Yes, I know. That's why I said: The array aspect doesn't really have much to do with my question, only the question about a single comparison.
That's the way I did it now:
Code:
LeftEqualsRight = 0
LeftLessThanRight = 1
LeftGreaterThanRight = 2
.segment "ZEROPAGE"
_CompareArraysPointerLeft: .res 2
.exportzp _CompareArraysPointerLeft
_CompareArraysPointerRight: .res 2
.exportzp _CompareArraysPointerRight
Size: .res 1
.segment "CODE"
_CompareArrays:
.export _CompareArrays_
STA Size
LDY #0
@loop:
LDA (_CompareArraysPointerLeft), Y
CMP (_CompareArraysPointerRight), Y
BCC @leftLessThanRight
BEQ @leftEqualsRight
LDA #LeftGreaterThanRight
JMP @end
@leftLessThanRight:
LDA #LeftLessThanRight
JMP @end
@leftEqualsRight:
INY
CPY Size
BNE @loop
LDA #LeftEqualsRight
@end:
LDX #0
RTS
The pointers are set in the code in C before calling the function.
By the way, is there any way to do this without the Size variable?
If you're comparing two multi-byte numbers but not doing a 3-way comparison, if you're fine with just knowing whether a < b or b >= a, you can just do most of the subtraction and ignore the result except for the carry. This method doesn't waste bytes on intermediate branches or cycles on untaken branches.
Code:
lda b_lo
cmp a_lo ; Use CMP instead of SBC to avoid needing to SEC
lda b_mid
sbc a_mid ; Use SBC instead of CMP to respect previous carry
lda b_hi
sbc a_hi
bcc a_is_less
; here: A is greater or equal
tepples wrote:
If you're comparing two multi-byte numbers but not doing a 3-way comparison
It's a general purpose function. Sometimes I need to check for equal, sometimes for less than, sometimes for greater than. So, the function needs to be able to handle each case.

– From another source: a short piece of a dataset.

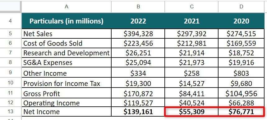 Similarly, we will calculate Net income for FY2021 and FY2020: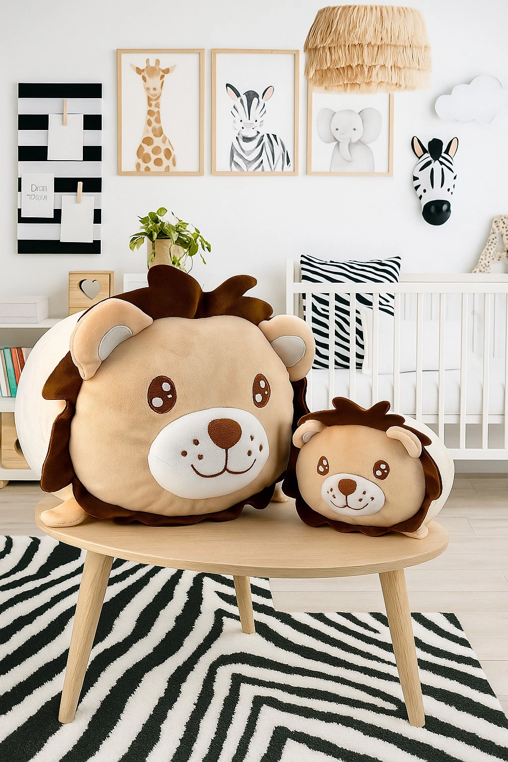 The MAGIC BABY plush lion set brings tenderness, comfort, and safety to every child’s room. The smaller lion (20 cm) is perfect for tiny hands, while the larger lioness (40 cm) serves as a soft pillow for the crib, stroller, or car. Both feature exceptionally soft surface fabric, embroidered details, and a rounded shape that’s lovely to hug.

I though you were shooting for speed? Your loop looks significantly slower than than the unrolled loop I posted... If you need to compare numbers of different sizes, you can just have multiple entry points (load Y with Size - 1 and JSR to the appropriate entry point):
Code:
Compare5Digits:
lda (_CompareArraysPointerLeft), y
cmp (_CompareArraysPointerRight), y
bne Decide
dey
Compare4Digits:
lda (_CompareArraysPointerLeft), y
cmp (_CompareArraysPointerRight), y
bne Decide
dey
Compare3Digits:
lda (_CompareArraysPointerLeft), y
cmp (_CompareArraysPointerRight), y
bne Decide
dey
Compare2Digits:
lda (_CompareArraysPointerLeft), y
cmp (_CompareArraysPointerRight), y
bne Decide
dey
Compare1Digit:
lda (_CompareArraysPointerLeft), y
cmp (_CompareArraysPointerRight), y
bne Decide
lda #LeftEqualsRight
rts
Decide:
bcc +
lda #LeftGreaterThanRight
rts
+ lda #LeftLessThanRight
rts
I know that coming from a high-level language your first instinct is to use a loop, handle different sizes using a parameter and a variable, and have only one return point, but now you have the power of assembly! If you really are going for speed, you should consider these kinds of optimizations.